I still use a polarizing filter to enhance skies and to pop out clouds (although, as stated above, if I forget the filter I can do almost as good a job with the RAW converter), but more importantly, a polarizing filter reduces glare and reflections, and I know of no digital trick that can replicate that effect.
Polarizers, then, can enhance the colors in a fall foliage scene by removing the waxy glare off leaves or grasses, tree bark, or shiny rocks, and thus enrich the color and saturation and general richness of a scene.
Be careful about fulling rotating a polarizing filter to completely remove reflections off the water's surface.By doing so, you may actually 'erase' the sense of water even being
there and, instead, produce a scene that simply looks like it is brown or yellow colored rocks.
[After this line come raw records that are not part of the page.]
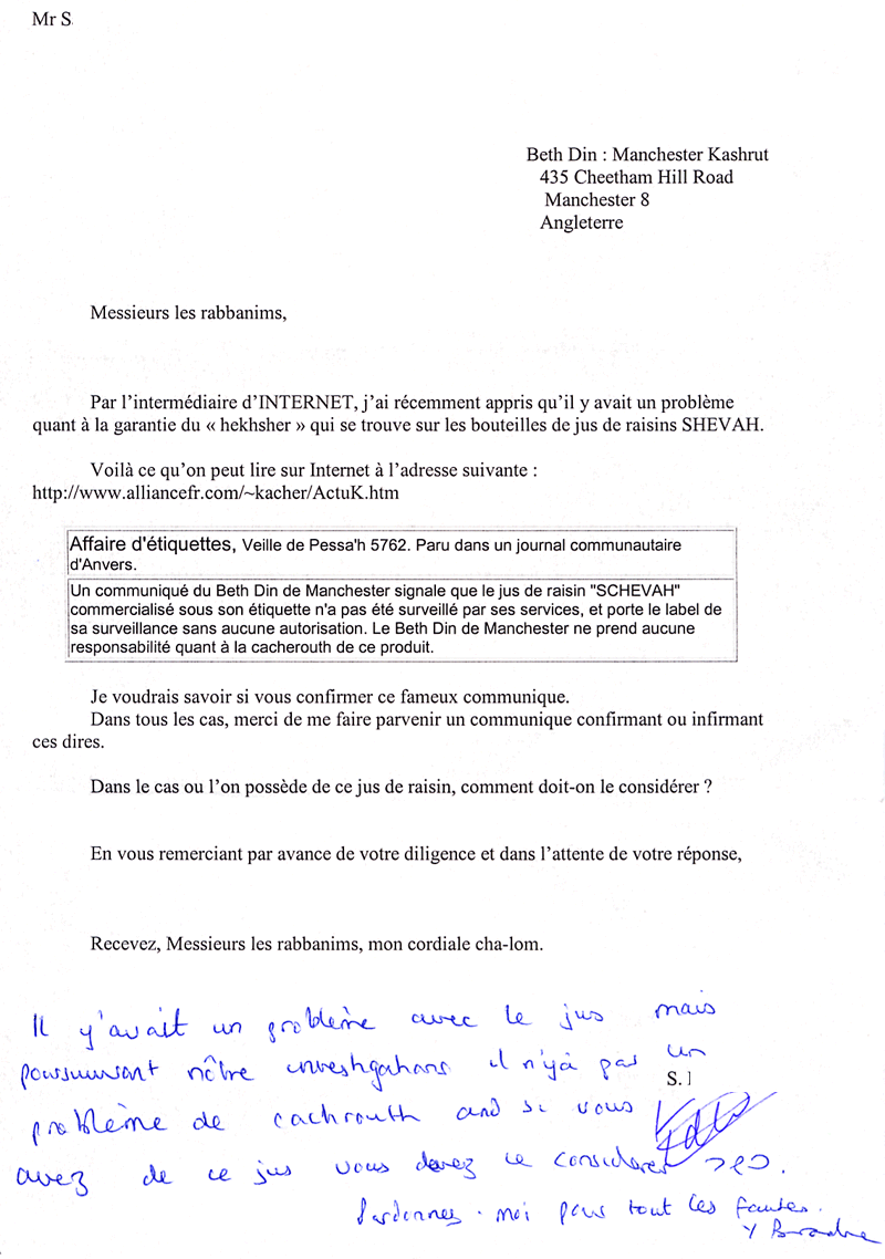 communiqué du Beth Din de Manchester signale que le jus de raisin
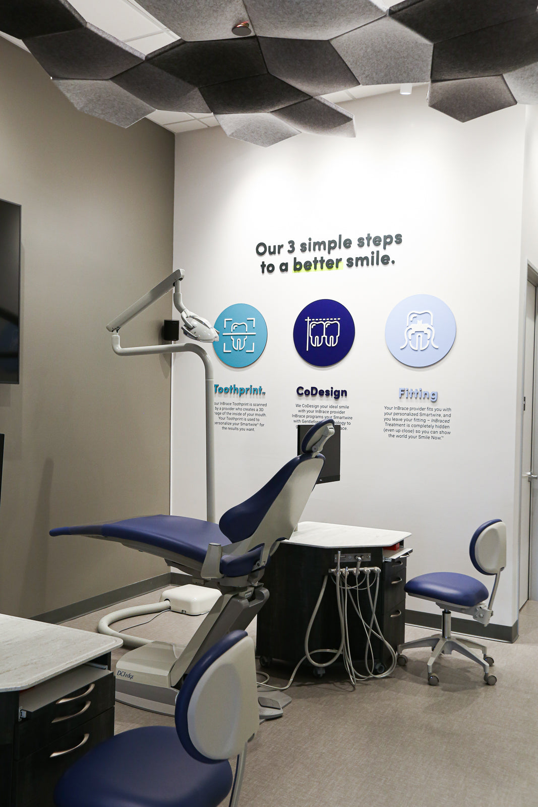 The resulting design is unique and atypical for an orthodontic office, reflecting the innovative nature of Inbrace's technology. The finishings, furniture, and decor all draw inspiration from the sleek and sophisticated Inbrace wire, creating a cohesive and modern aesthetic. Every element, from the detailed cabinetry optimized for efficient use to the strategically placed artwork, communicates the advantages of using Inbrace over traditional braces or aligners. Each studio's location and surroundings were also carefully considered to ensure the design complemented its specific context.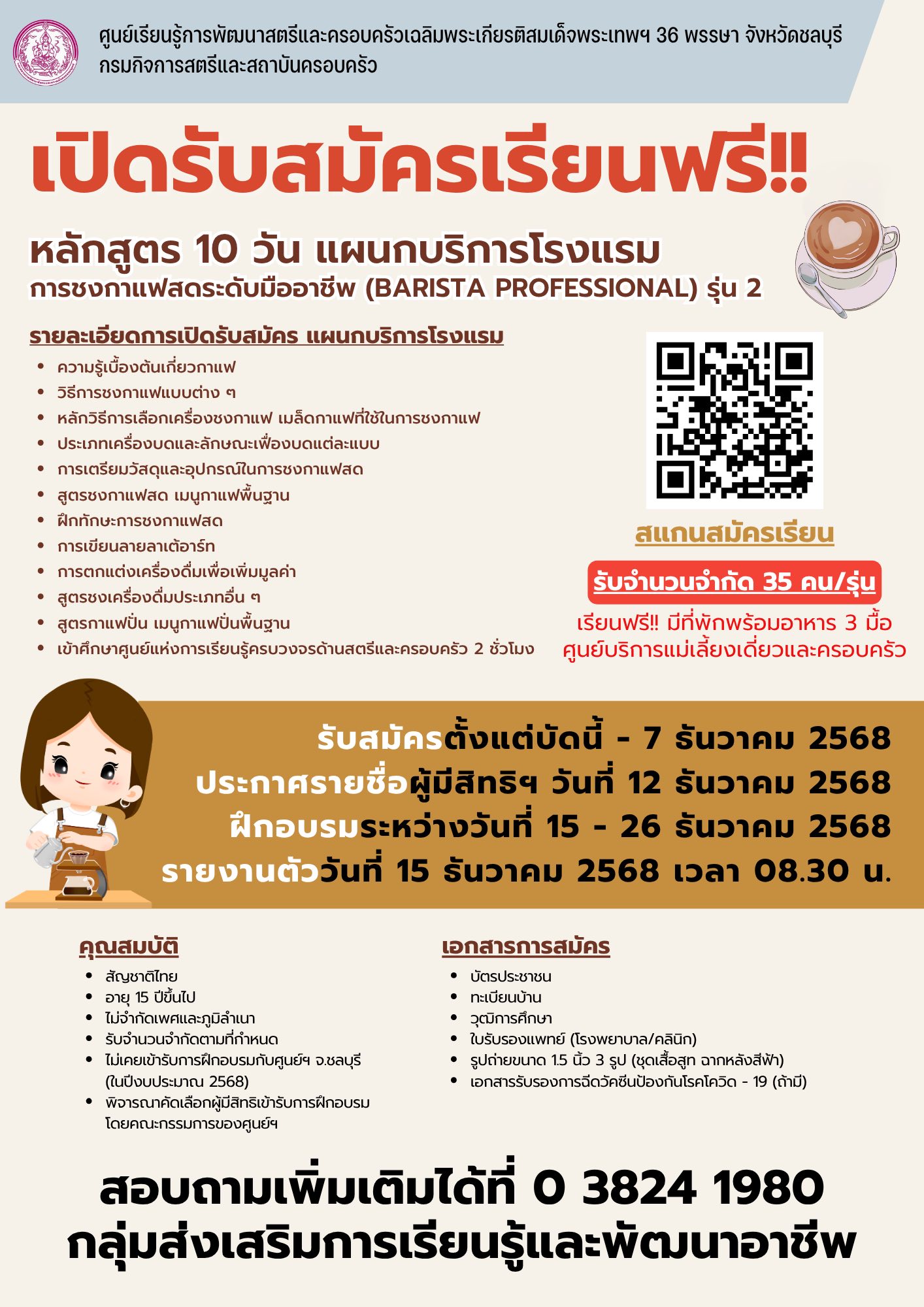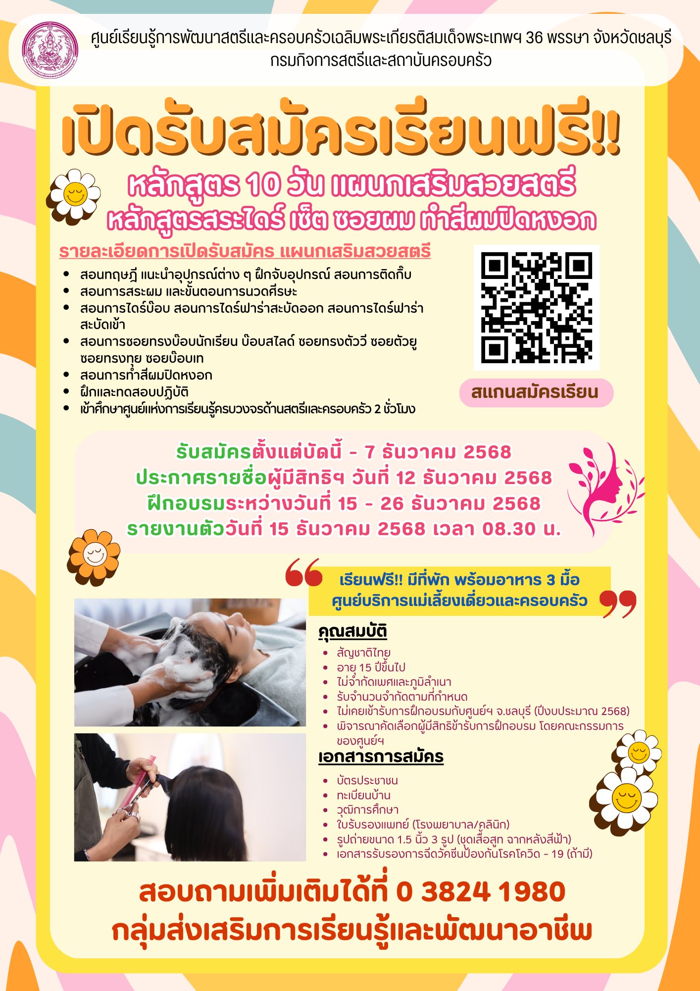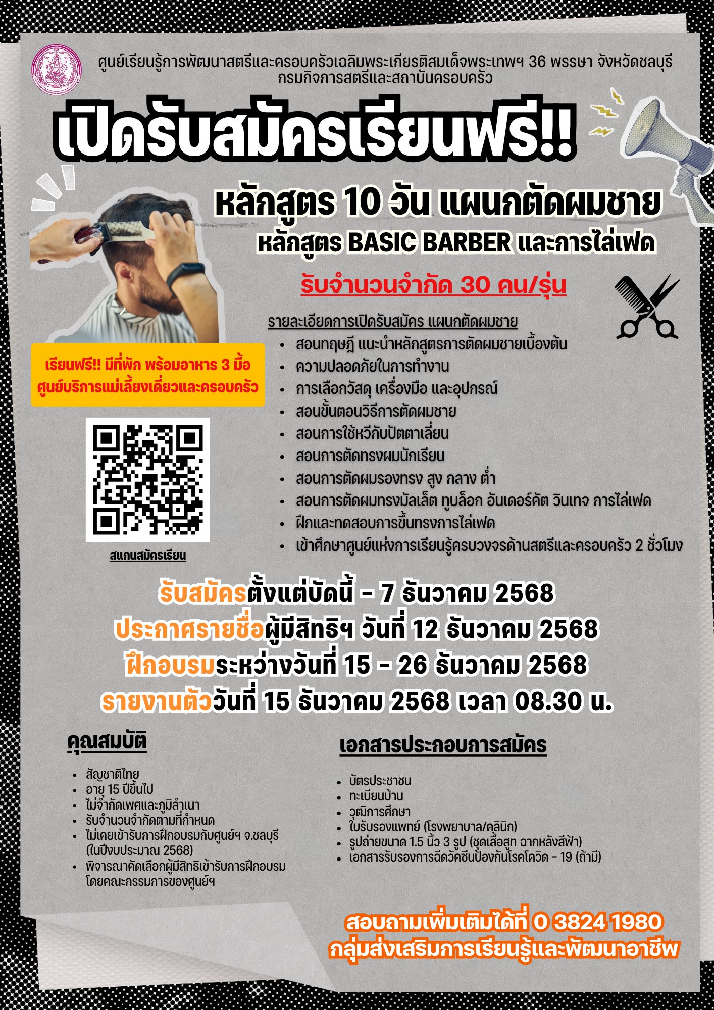 รายงานตัววันที่ 15 ธันวาคม 2568 เวลา 08.30 น. ณ อาคารอเนกประสงค์ฯ ศูนย์เรียนรู้การพัฒนาสตรีและครอบครัวฯ จังหวัดชลบุรี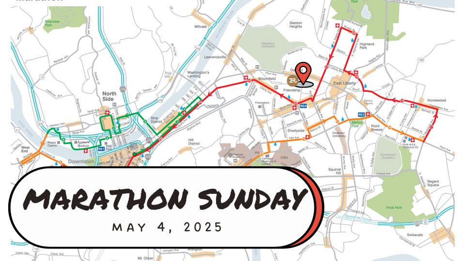 Many of the roads on your normal Sunday commute will be affected by closures for the Pittsburgh marathon. Click the button above to see the race route and plan your way in that morning!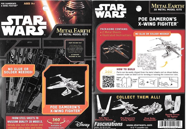 This amazingly detailed model starts as 4″ square sheets and finishes as a 3-D model. It is approximately 2.75″ tall when assembled and this one features Poe Dameron’s X-Wing Fighter as first seen in the new Star Wars movie Episode VII: The Force Awakens. The sheets contain detailed laser etching for easy removal. Complete instructions are included to show you how to pop out the pieces, bend the tabs, and connect them at the attachment points with an average assembly time of 30-45 minutes. It has been stored in a smoke and pet free environment. We also offer an optional LED base or a Solar Powered Spinner for better display of your model.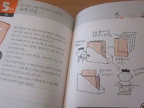 숙제를 다 한 파일은 쓰러뜨리는 방법..이거 정말 간단한 건데 효과는 짱인 방법같아요. 파일을 쓰러뜨릴 때마다 느끼는 쾌감! "오늘 안에 전부 쓰러뜨린다"라는 각오로 열심히 숙제부터 해치우면 남는 자유 시간엔 휴식을 취해도 좋고 원하는 책을 마음껏 읽을 수도 있잖아요..해피해피!!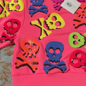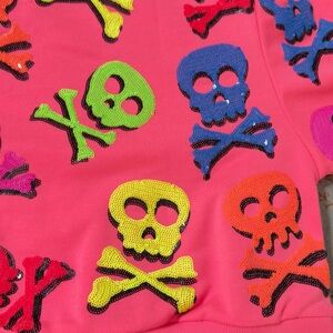 Vibrant sweatshirt with sequin skull designs. Features pink, yellow, blue, and orange skull and crossbones sweatshirt. Halloween!!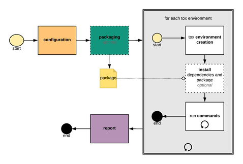 根据这张图,tox 读取配置文件,打包待测试软件,按照配置文件创建虚拟环境,并安装待测试软件和依赖,然后依次执行测试命令。最终,当所有虚拟环境下的测试都通过后,tox 会生成测试报告。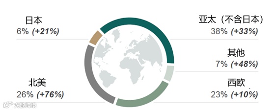 图. 开云集团2021年各区域市场份额占比及该区域销售额增幅
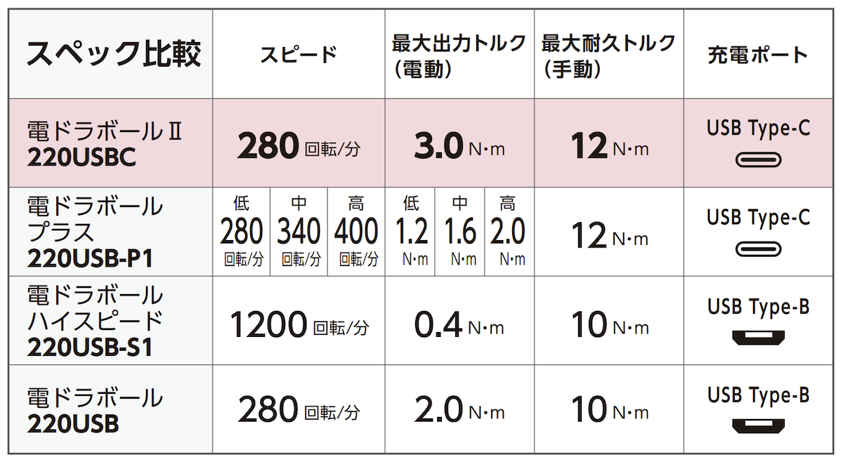 電ドラボールにはいくつか種類があり、毎分280回転でUSB Micro-B充電の「電ドラボール」(以下、初代)、回転数を毎分1200回転まで高める代わりにトルクが0.4N・mになった「電ドラボールハイスピード」(以下、電ドラハイスピード)、3段階の回転数切り替えとUSB Type-C充電に対応した「電ドラボールプラス」(以下、電ドラプラス)などがあります。

The image on the left was fully polarized, and although I think it still works, the only real clue that there is water there is the white patches of water at the rapids. The image on the right has some polarization, but I kept enough reflections in the image so it is clear that I am, indeed, photographing a stream scene.
A lot of photographers automatically reach for a polarizer when they are shooting stream or water scenes, as a polarizer will reduce or totally eliminate glare or reflections of the sky.
This works, but one should use a little prudence when doing so, because the presence of some reflection may actually help, and actually create the sense that water is, indeed, present. In a forest stream scene, for example, if the reflection of a sky is eliminated you might end up with what looks like a waterless stream bed strewn with rocks. Reflections in such cases actually adds to the scene, providing a sense of water that clear, reflection-less water cannot.
When I am shooting water, I do think about using an entirely different filter, the Singh-Ray Variable Neutral Density Filter. This filter operates similarly to a polarizing filter, since the variable filter rotates and, by doing so, increases or decreases the amount of neutral density filtration without affecting the color of the scene.
With it, I can use slow shutter speeds even in bright light, which can be very useful for doing 'angel hair' or 'cotton candy' like water - ie water that is shot at very slow shutter speeds so that the current seems to blend.
Here are two examples of using the Singh-Ray Variable Neutral Density Filter...
Above I shot an ice-strewn beach at an extremely slow shutter speed -- approximately 15 seconds, which let the waves washing in create neat abstract tendrils of white.
Below I used an 8 second shutter speed to soften the water and a small aperture to achieve great depth of field.
The filter can also be used quite effectively to create an 'amber waves of grain' type of look. Grasses or grain, for that matter, can be shot so slow that, on a windy day, it sways and ripples to create a soft, blurred sense of wave or motion. This really works well when there is some firm, immobile anchor point - think of a wagon in a field of grain, or a boulder or tree stump in a blowing field. The effects can be striking.
To get these effects a slow shutter speed is needed, but with the variable neutral filters that's easy to do. For example, on a sunny day at ISO 100 the shutter speed will be around 1/60th at f22, too fast a speed to create the blurred effect. Adding a polarizer filter can reduce a shutter speed by one or two stops, getting you down to 1/15th or so.
But the Variable ND filter will take you much further. Dialed down a full eight stops, you'll get an 8 second exposure at f22 - plenty slow enough for most any slow shutter speed effect you'll ever need. The ND filter dials down to 9 stops, but the filter is so dark at that setting that it appears opaque and isn't recommended.
I don't use my variable ND filter often, but it is often in my pack and I'm always looking for a chance to use it. The results are so different that the images are almost guaranteed to be refreshingly new and interesting.
So there you have it - my two most important filters for digital photography.